I thought this was a basic "Mixture Problem"
. . but there was more to it.


Mr. Whipple wants to blend two teas, regular and all-spice,
whose wholesale cost is $0.90/lb and $1.20/lb respectively.
He wil sell the mixture at $1.65/lb and wishes to make a 50% profit over wholesale cost.
What should the ratio of regular to all-spice be to accomplish this?

To make a 50% profit when selling at $1.65/lb, the cost must have been $1.10/lb.
Now we are back to a basic Mixture Problem.

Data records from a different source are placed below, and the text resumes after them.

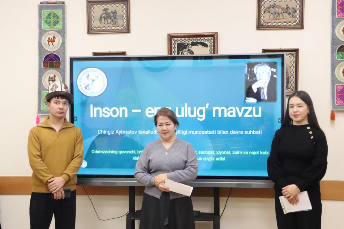 2025-yilning 12-dekabr kuni Alisher Navoiy nomidagi Toshkent davlat o‘zbek tili va adabiyoti universiteti qoshidagi Qirg‘iz tili va madaniyati markazi hamda O‘sh davlat universiteti huzuridagi O‘zbek tili va madaniyati markazi hamkorligida buyuk yozuvchi va jamoat arbobi Chingiz Aytmatov tavalludining 97 yilligi munosabati bilan “Inson – eng buyuk mavzu” nomli davra suhbati bo‘lib o‘tdi. Tadbirda ikki universitet professor-o‘qituvchilari va talabalari ishtirok etdilar.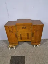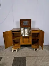 Middenboven een openslaande klep met daar onder ruimte voor glazen en kleine flessen .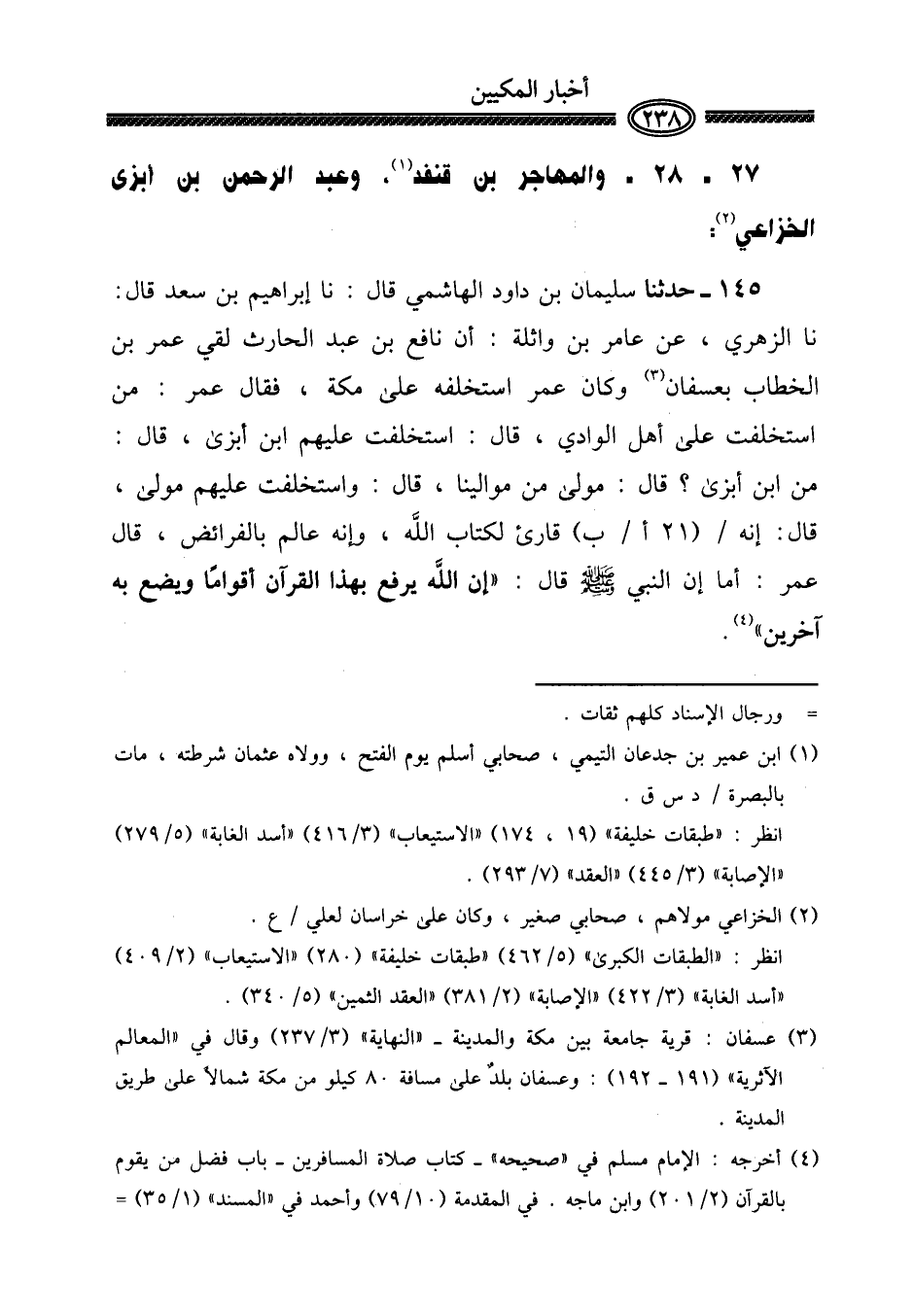 ١٤٥ - حَدثنَا سُلَيْمَان بن دَاوُد الْهَاشِمِي قَالَ: نَا إِبْرَاهِيم بن سعد قَالَ: نَا الزُّهْرِيّ، عَن عَامر بن وَاثِلَة: أَن نَافِع بن عبد الْحَارِث لَقِي عمر بن الْخطاب بعسفان وَكَانَ عمر اسْتَخْلَفَهُ على مَكَّة، فَقَالَ عمر: من اسْتخْلفت على أهل الْوَادي، قَالَ: اسْتخْلفت عَلَيْهِم ابْن أَبْزَى، قَالَ: من ابْن أَبْزَى؟ قَالَ: مولى من موالينا، قَالَ: اسْتخْلفت عَلَيْهِم مولى، قَالَ: إِنَّه / ٢١ أ / ب) قَارِئ لكتاب الله، وَإنَّهُ عَالم بالفرائض، قَالَ عمر: أما إِن النَّبِي صلى الله عَلَيْهِ وَسلم قَالَ: " إِن الله يرفع بِهَذَا الْقُرْآن أَقْوَامًا وَيَضَع بِهِ آخَرين ".

He will use \(\displaystyle R\) pounds of regular tea and \(\displaystyle S\) pounds of spiced tea.

The \(\displaystyle R\) pounds of regular tea costs $0.90/lb: the value is \(\displaystyle \L0.90R\) dollars.

The \(\displaystyle S\) pounds of spiced tea costs $1.20/lb; the value is \(\displaystyle \L1.20S\) dollars.

The total of \(\displaystyle R+S\) pounds of tea cost $1.10/lb; the value is \(\displaystyle \L1.10(R+S)\) dollars.

And there is our equation: \(\displaystyle \L\,0.90R\,+\,1.20S\:=\:1.10(R\,+\,S)\)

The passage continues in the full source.